In this series, we will be looking at positions taken by the Democratic Party in their 2016 Platform on issues pertaining to national security. Next up is Nuclear and Chemical Weapons Issues. A commentary on the platform issue will be found at its end.
DEMOCRATIC PLATFORM TEXT:
Democrats are committed to preventing the spread of nuclear, chemical, and biological weapons and to eventually ridding the planet of these catastrophic weapons. We believe America will be safer in a world with fewer weapons of mass destruction. Donald Trump encourages the spread of nuclear weapons across Asia and the Middle East, which would weaken the Treaty on the Non-Proliferation of Nuclear Weapons (NPT), and he is unwilling to rule out using a nuclear weapon against ISIS.
Democrats want to reduce the number of nuclear, chemical, and biological weapons around the world, as well as their means of delivery, while retaining a strong deterrent as long as others maintain nuclear strike capabilities . We will strengthen the NPT, push for the ratification of the Comprehensive Nuclear-Test-Ban Treaty, and stop the spread of loose nuclear material. Democrats will be informed by a new Nuclear Posture Review in determining continued ways to appropriately shape our nuclear deterrent, with the aim of reducing our reliance on nuclear weapons while meeting our national security obligations. Democrats will also seek new opportunities for further arms control and avoid taking steps that create incentives for the expansion of existing nuclear weapons programs. To this end, we will work to reduce excessive spending on nuclear weapons-related programs that are projected to cost $1 trillion over the next 30 years.

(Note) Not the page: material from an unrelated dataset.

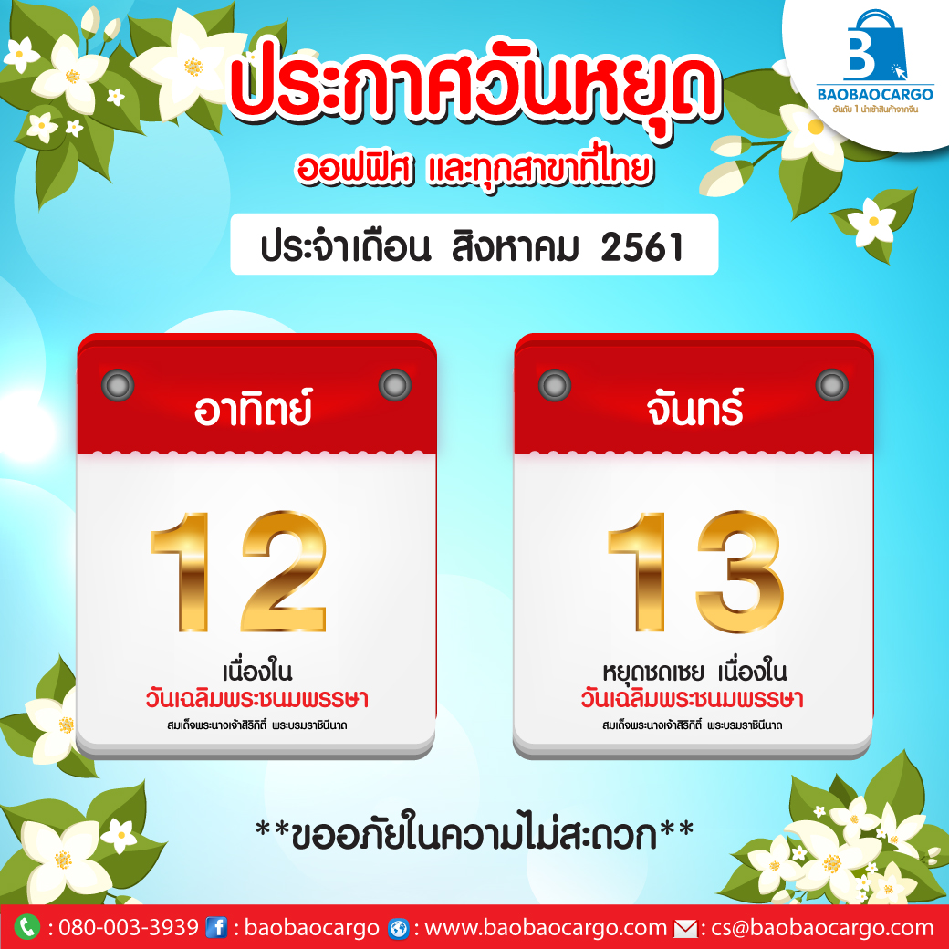 ประกาศวันหยุดนักขัตฤกษ์ในเดือน สิงหาคม 2561
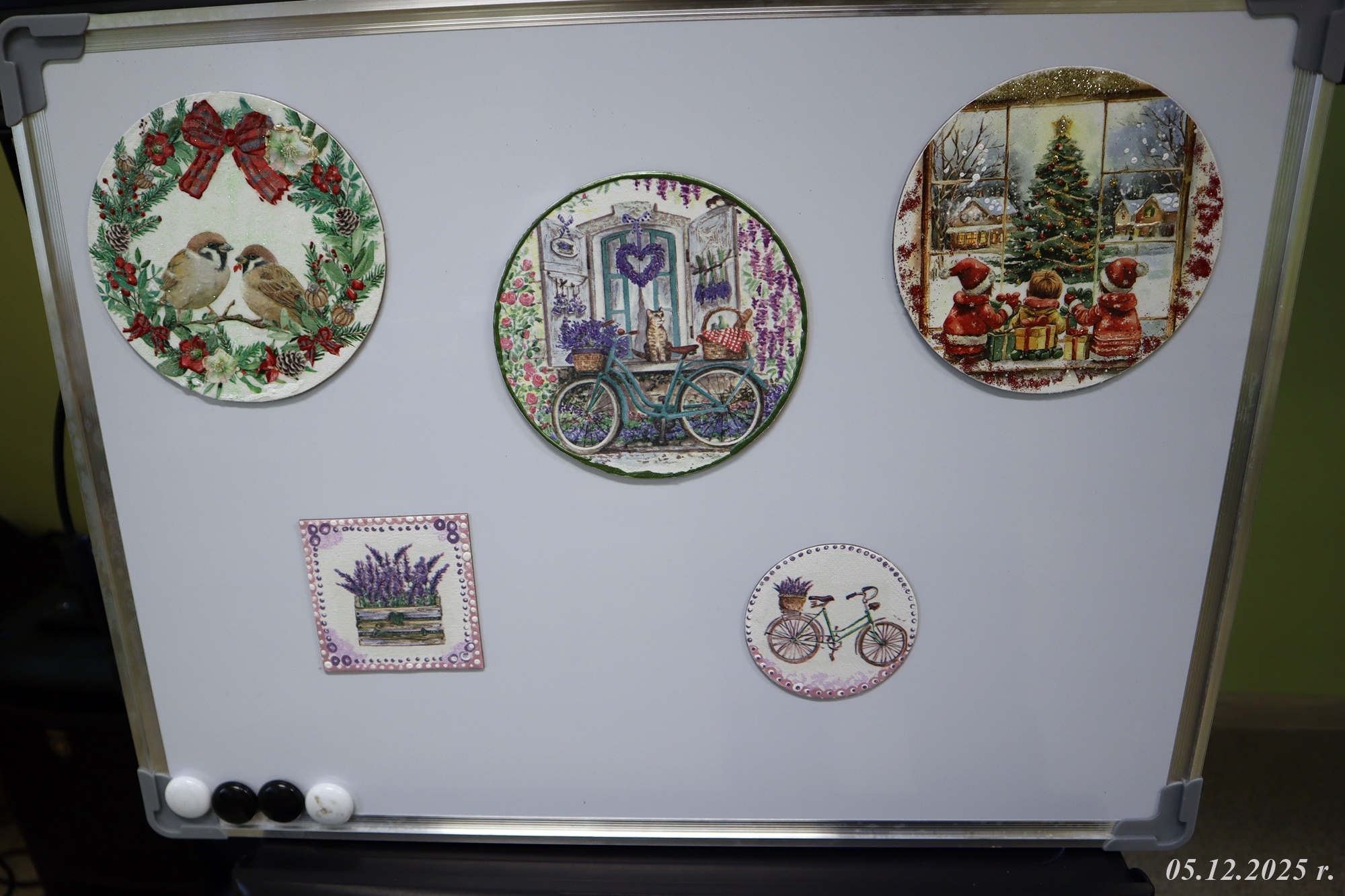 Podczas warsztatów dzieci i dorośli z zapałem przyklejali wycięte wzory na magnesy i starannie ozdabiali swoje prace brokatem, co dodawało im blasku i wyjątkowości. Na zakończenie wszystkie magnesy zostały zabezpieczone lakierem, co pozwoliło utrwalić ich piękno na dłużej. Atmosfera była pełna zaangażowania, radości i wzajemnej pomocy 🫶, a wspólna praca nad projektami stanowiło prawdziwe święto integracji różnych pokoleń naszej małej społeczności lokalnej 👥.

Nuclear security and preventing nuclear war should be the critical issue of American diplomacy and defense policy. It is taken by the Democrats as the highest priority.
Nuclear weapons and nuclear non-proliferation, as well as dealing with the other weapons of mass destruction, are key to American security and not a subject for partisan or mindless un-thoughtful policies. Dealing with these issues require action and responses to real threats in a rational and considered way, not by mindless and unconsidered military attacks when in fact we are not under attack. As seen in the Democratic Platform, judgement is key and listening to experts is required.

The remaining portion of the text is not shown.